## Problem to work on:
The response should contain only the line with "Saturday Feb 28th" and every line after it to the end of the listing below, duplicated exactly; no picture belongs in it.

## Data:
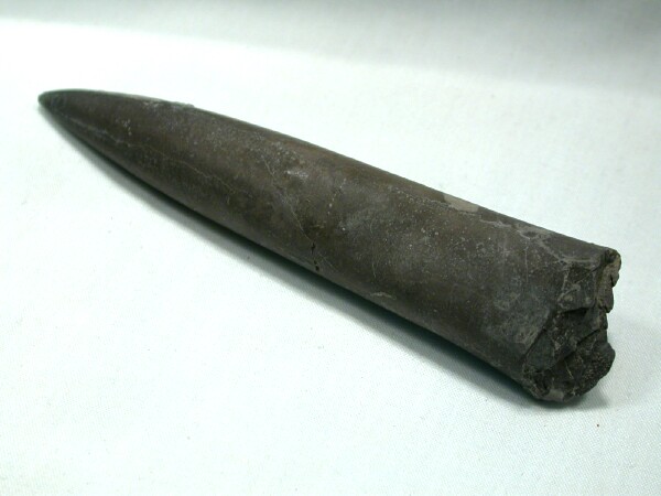 Cylindroteuthis puzosianaBelmnoidea Geological Time: Middle Jurassic, Lower Lias, Sinemurian Stage Size (25.4 mm = 1 inch): Fossil is 100 mm long, up to 23 mm across Fossil Site: Whitby, North Yorkshire, England Code: AAF365 Price: Sold |
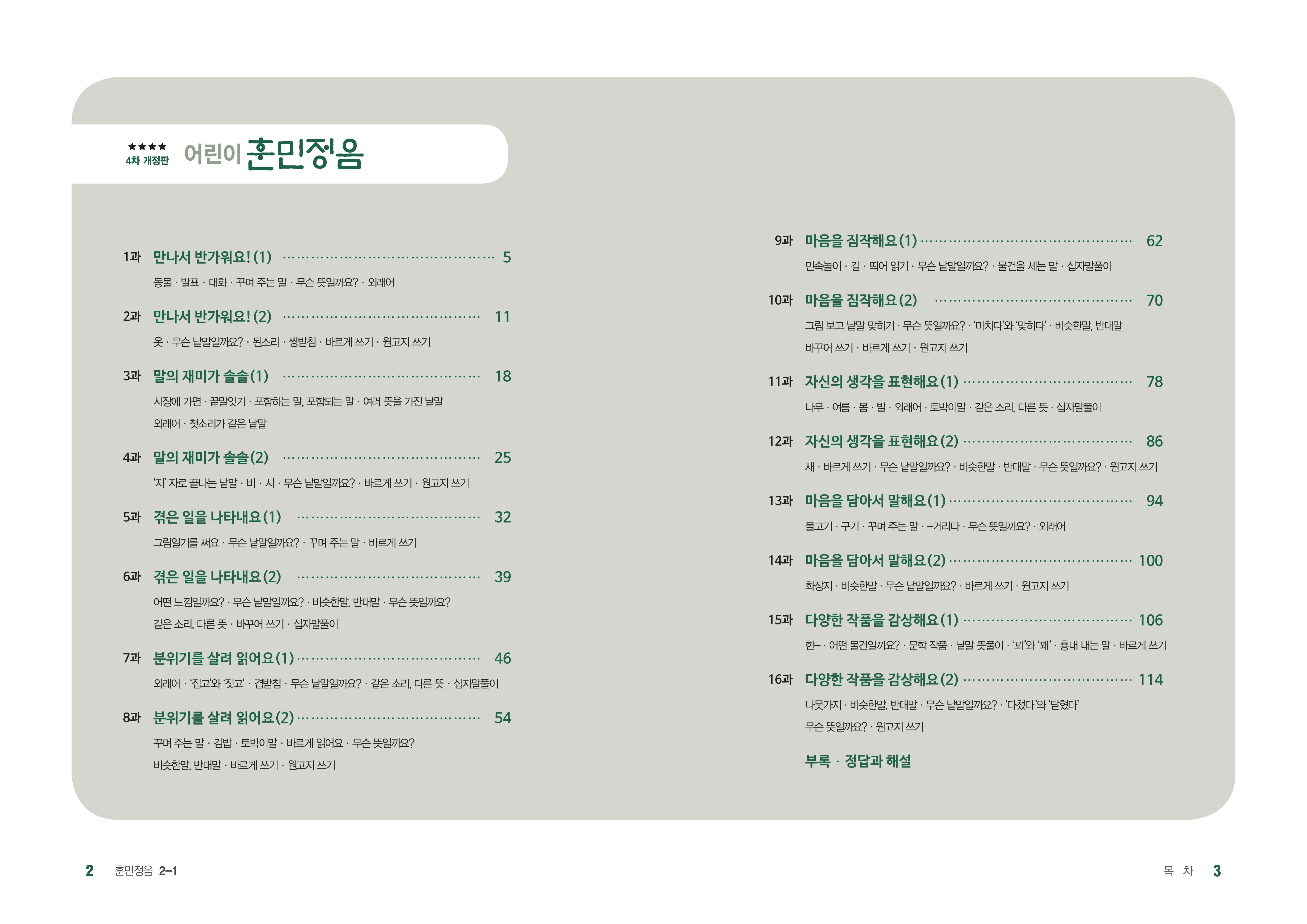 어린이 훈민정음은 초등학교 학생들의 어휘력 향상을 위해, 2002년 첫 출간 된 이래로 지금까지 교사와 학부모들로부터 좋은 평가를 받아 왔습니다. 그리고 교과서 어휘를 중심으로 편집되었기 때문에 새 교과서가 나올 때마다 개정판이 나왔으며, 4차 개정판은 2024년부터 적용되는 새 교과서 내용을 반영한 것입니다.
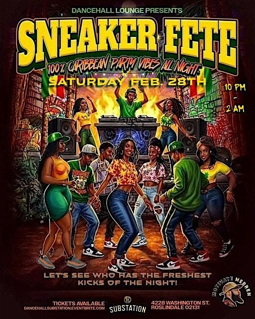 Saturday Feb 28th join us for SNEAKER FETE • 100 % Caribbean Party Vibes & Fresh Kicks!
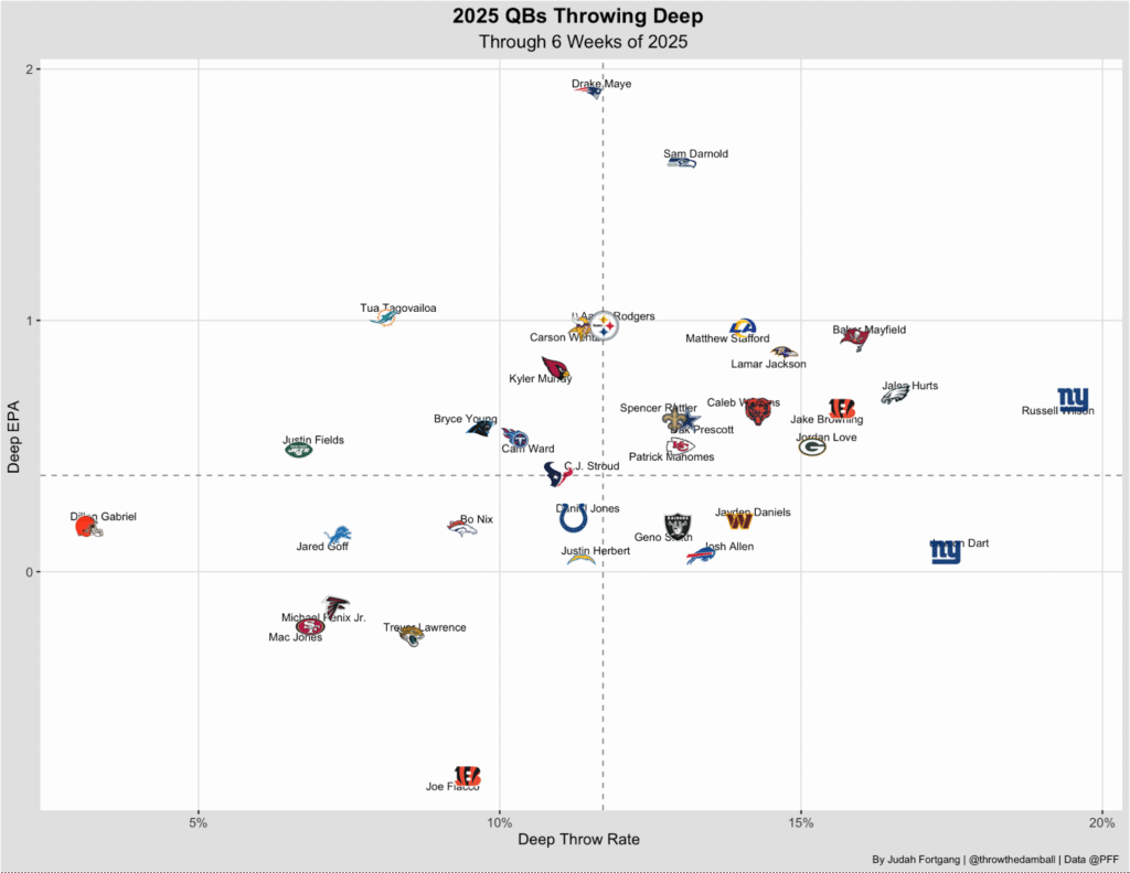 As we highlighted last week, Baker Mayfield has thrived throwing deep this season — ranking near the top in deep attempt rate and overall efficiency, trailing only standouts like Sam Darnold and Drake Maye in success.
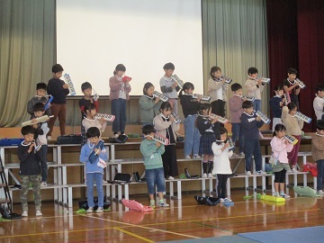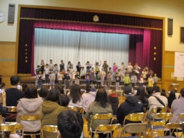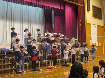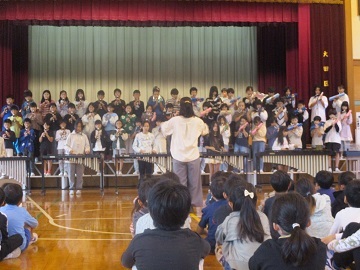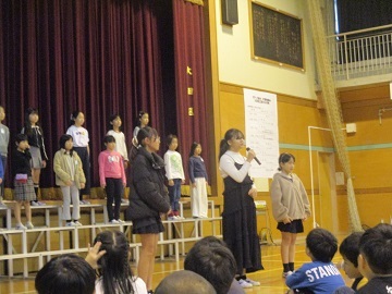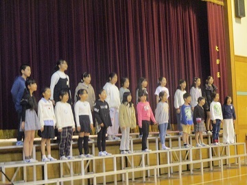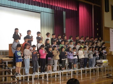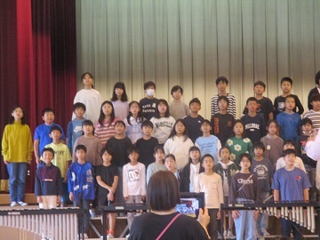 本番のアプリコでの様子は写真撮影できないので、前日に全校児童の前で披露した合唱と合奏の様子の写真を掲載します。
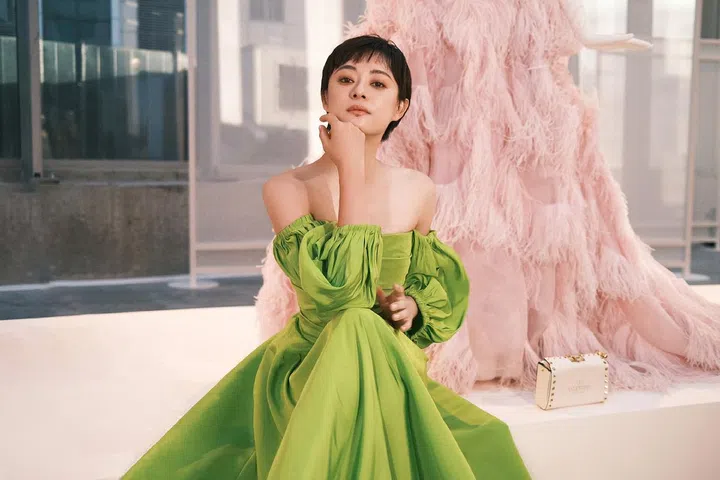 Valentino品牌大使关晓彤身着Valentino 2022早春系列造型,搭配可爱的Valentino金球包。

## Answer to this exercise:
 Saturday Feb 28th join us for SNEAKER FETE • 100 % Caribbean Party Vibes & Fresh Kicks!
 As we highlighted last week, Baker Mayfield has thrived throwing deep this season — ranking near the top in deep attempt rate and overall efficiency, trailing only standouts like Sam Darnold and Drake Maye in success.
 本番のアプリコでの様子は写真撮影できないので、前日に全校児童の前で披露した合唱と合奏の様子の写真を掲載します。
 Valentino品牌大使关晓彤身着Valentino 2022早春系列造型,搭配可爱的Valentino金球包。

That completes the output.